Fill excavated planting areas with topsoil mounded several inches above original grade. If you're planting beyond the stump location where it's not necessary to remove sawdust, you should still add several inches of top soil. This extra depth of soil is in anticipation of subsidence -- a lowering of the grade as subterranean tree parts rot away. Watch for it over the next five to ten years and add soil as needed between new plantings. If new plants themselves sink, dig them out, add soil and replant.

All around where a tree was removed, mix in organic, slow release fertilizer such as cottonseed meal and composted manure. Use water soluble fertilizer during the first few years, throughout spring and early summer to make up for the fact that wood-decomposing fungi are locking up nutrients in surrounding and underlying layers as they break down woody roots and sawdust.

Short reports

Do landscape boulders encourage braking?

Rocks at the roadside may seem like a good way to fend car tires from lawn and garden but can do more harm than good. The tire that slides off an icy road won't stop when it hits that rock but it will push it, so you'll have not only compacted soil but a gouge to repair. If your street is tough for cars to navigate in winter, burlap bags of sand can mark the road edge at least as well as rocks and are a better bet for absorbing the impact of stray tires.

Learn from orchardists: prune in winter.

Sharpen your pruners so you can take advantage of January and February thaws. On days that top 40 degrees you can clean up the framework of a shade tree, remove suckers and watersprouts from a fruit tree, crabapple or weeping cherry, prune a hedge, clip back roses and raspberries, and neaten foundation plantings.

Didn't get all those spring bulbs planted?

It's hard to keep tulips, daffodils and other hardy bulbs alive in home storage all winter. Even in the best place, the crisper drawer, some will dry out and rot.

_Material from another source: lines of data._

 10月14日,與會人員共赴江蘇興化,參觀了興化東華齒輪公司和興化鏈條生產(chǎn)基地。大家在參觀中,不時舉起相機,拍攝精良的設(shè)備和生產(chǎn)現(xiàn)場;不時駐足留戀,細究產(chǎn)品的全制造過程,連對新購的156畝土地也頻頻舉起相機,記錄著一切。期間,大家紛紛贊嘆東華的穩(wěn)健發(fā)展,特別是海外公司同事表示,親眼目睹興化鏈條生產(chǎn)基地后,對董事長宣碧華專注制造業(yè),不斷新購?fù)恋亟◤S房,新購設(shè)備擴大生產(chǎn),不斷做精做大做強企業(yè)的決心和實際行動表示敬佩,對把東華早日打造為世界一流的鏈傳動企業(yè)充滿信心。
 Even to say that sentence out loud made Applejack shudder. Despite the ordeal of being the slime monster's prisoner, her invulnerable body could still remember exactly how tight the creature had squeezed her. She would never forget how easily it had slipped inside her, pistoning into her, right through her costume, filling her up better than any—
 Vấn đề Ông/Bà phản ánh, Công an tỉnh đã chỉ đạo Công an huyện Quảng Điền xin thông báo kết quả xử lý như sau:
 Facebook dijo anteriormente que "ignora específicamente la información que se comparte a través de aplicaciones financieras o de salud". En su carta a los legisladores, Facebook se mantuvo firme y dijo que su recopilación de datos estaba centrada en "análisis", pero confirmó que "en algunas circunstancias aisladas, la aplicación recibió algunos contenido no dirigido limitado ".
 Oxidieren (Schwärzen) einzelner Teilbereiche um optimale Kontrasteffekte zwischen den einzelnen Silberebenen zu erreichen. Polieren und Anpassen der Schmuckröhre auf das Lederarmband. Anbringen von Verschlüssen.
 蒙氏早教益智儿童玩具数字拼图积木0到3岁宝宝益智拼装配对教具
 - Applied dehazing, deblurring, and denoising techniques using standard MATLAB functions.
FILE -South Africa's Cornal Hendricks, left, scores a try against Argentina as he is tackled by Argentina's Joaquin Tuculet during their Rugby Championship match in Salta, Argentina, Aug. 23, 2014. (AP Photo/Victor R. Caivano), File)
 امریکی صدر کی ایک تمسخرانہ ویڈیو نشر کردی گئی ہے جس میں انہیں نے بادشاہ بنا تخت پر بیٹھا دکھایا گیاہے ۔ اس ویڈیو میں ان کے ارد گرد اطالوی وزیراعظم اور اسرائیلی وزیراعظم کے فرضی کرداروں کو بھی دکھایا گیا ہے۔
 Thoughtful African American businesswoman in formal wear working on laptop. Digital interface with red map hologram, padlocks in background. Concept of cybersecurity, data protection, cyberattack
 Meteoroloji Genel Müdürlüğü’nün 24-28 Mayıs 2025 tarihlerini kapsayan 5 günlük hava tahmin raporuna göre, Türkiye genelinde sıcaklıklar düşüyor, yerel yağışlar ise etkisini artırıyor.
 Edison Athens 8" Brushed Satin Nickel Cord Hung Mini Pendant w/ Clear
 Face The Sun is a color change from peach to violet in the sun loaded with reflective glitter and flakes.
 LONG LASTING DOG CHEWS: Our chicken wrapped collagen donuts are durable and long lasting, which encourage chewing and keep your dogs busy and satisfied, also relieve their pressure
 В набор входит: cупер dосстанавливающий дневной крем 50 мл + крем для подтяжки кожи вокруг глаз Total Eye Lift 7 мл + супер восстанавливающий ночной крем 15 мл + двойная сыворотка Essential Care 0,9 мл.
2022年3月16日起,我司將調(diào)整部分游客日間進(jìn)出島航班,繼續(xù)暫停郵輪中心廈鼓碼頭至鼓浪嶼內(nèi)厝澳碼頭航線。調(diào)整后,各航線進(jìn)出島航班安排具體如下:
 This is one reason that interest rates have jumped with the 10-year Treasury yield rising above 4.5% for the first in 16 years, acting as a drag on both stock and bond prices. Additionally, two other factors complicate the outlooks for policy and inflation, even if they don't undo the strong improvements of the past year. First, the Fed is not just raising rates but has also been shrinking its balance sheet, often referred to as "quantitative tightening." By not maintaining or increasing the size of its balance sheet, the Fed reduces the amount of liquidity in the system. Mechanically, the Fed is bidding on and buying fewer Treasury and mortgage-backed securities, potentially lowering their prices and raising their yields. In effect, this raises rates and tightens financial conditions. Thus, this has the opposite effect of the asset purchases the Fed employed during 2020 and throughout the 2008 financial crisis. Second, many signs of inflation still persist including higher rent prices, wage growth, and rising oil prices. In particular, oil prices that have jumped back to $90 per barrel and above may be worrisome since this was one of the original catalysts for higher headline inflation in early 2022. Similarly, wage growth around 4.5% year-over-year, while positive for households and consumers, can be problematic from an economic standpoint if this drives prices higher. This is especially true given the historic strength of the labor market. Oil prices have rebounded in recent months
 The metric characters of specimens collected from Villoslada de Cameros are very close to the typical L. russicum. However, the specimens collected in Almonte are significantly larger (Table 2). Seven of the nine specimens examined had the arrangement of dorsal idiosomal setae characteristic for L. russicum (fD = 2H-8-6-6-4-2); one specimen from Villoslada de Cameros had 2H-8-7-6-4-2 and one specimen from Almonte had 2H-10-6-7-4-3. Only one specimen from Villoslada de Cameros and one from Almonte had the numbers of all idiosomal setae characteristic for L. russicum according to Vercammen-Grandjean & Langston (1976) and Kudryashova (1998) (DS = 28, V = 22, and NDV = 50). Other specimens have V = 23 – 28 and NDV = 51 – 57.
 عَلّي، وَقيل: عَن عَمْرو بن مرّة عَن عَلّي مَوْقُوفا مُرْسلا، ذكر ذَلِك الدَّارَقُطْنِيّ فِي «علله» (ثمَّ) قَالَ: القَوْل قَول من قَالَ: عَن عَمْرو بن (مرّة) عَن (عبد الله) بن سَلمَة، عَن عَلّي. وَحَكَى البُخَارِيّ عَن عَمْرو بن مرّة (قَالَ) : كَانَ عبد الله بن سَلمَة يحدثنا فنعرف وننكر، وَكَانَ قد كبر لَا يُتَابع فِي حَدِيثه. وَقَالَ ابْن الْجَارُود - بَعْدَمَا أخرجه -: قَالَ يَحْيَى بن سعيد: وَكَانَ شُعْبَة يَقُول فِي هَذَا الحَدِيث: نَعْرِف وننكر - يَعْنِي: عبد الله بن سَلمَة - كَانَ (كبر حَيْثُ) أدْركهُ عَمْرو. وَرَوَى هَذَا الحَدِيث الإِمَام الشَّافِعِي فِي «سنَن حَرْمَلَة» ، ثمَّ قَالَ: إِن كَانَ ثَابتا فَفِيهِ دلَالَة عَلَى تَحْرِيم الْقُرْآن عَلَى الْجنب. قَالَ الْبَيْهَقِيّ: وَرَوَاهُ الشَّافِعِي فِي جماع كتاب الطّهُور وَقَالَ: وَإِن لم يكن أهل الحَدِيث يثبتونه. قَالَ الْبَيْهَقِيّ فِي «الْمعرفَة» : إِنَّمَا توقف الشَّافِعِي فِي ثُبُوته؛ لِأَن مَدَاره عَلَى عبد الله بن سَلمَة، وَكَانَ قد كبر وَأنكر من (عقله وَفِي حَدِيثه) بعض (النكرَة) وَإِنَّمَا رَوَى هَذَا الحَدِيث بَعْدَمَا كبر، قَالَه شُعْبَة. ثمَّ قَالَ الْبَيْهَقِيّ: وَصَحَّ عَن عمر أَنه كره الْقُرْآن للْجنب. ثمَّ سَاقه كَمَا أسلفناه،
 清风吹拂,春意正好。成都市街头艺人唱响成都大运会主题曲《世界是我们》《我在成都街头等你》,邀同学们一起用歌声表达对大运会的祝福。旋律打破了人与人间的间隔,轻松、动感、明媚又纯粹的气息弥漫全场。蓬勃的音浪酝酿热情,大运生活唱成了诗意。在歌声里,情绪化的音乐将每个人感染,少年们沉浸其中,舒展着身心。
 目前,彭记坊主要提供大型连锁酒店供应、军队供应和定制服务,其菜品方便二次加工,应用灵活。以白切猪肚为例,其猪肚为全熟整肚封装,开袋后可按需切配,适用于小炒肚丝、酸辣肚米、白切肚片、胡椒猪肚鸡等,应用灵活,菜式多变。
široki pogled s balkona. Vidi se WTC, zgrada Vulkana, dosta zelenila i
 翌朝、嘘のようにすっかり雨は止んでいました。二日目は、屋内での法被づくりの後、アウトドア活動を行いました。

The most successful way to store a bulb is to plant it. Here's an easy way to do that even when the ground is frozen.

Line a milk crate with thick, overlapping sections of newspaper. Put several inches of potting soil into the bottom of the crate. Add a layer of big bulbs such as daffodils, tightly packed. Then add more soil and a close-set layer of smaller bulbs such as crocus. Finish filling the crate with soil.

Keep the crate in an unheated garage. Heft it now and then and water it if it begins to lose weight. When the bulbs sprout, move the crate into the light on a porch or patio. Water and fertilize it. Enjoy the densely packed blooms, then depot the bulbs, separate and transplant them to the garden.


 Green thumbs up

to the transportational qualities of fragrance. Clip a bit of a fragrant plant now -- bruise the cutting to inhale a bit of spring. Keep a sprig of thyme, sage or lavender or a twig of bayberry or blue mist spirea in your pocket. Each time you touch it, the scent that's released will take you away from winter and out into the garden.


Green thumbs down

to those who scoff at a gardener's bird seed expenditures. Birds pay it back in insect control. Lure a chickadee to a feeder each morning and it will scour the shrubbery for aphid eggs all day. Cardinals and others live on seed in winter but switch to insects in nesting season, just in time to stem the spring flood of plant-eating bugs.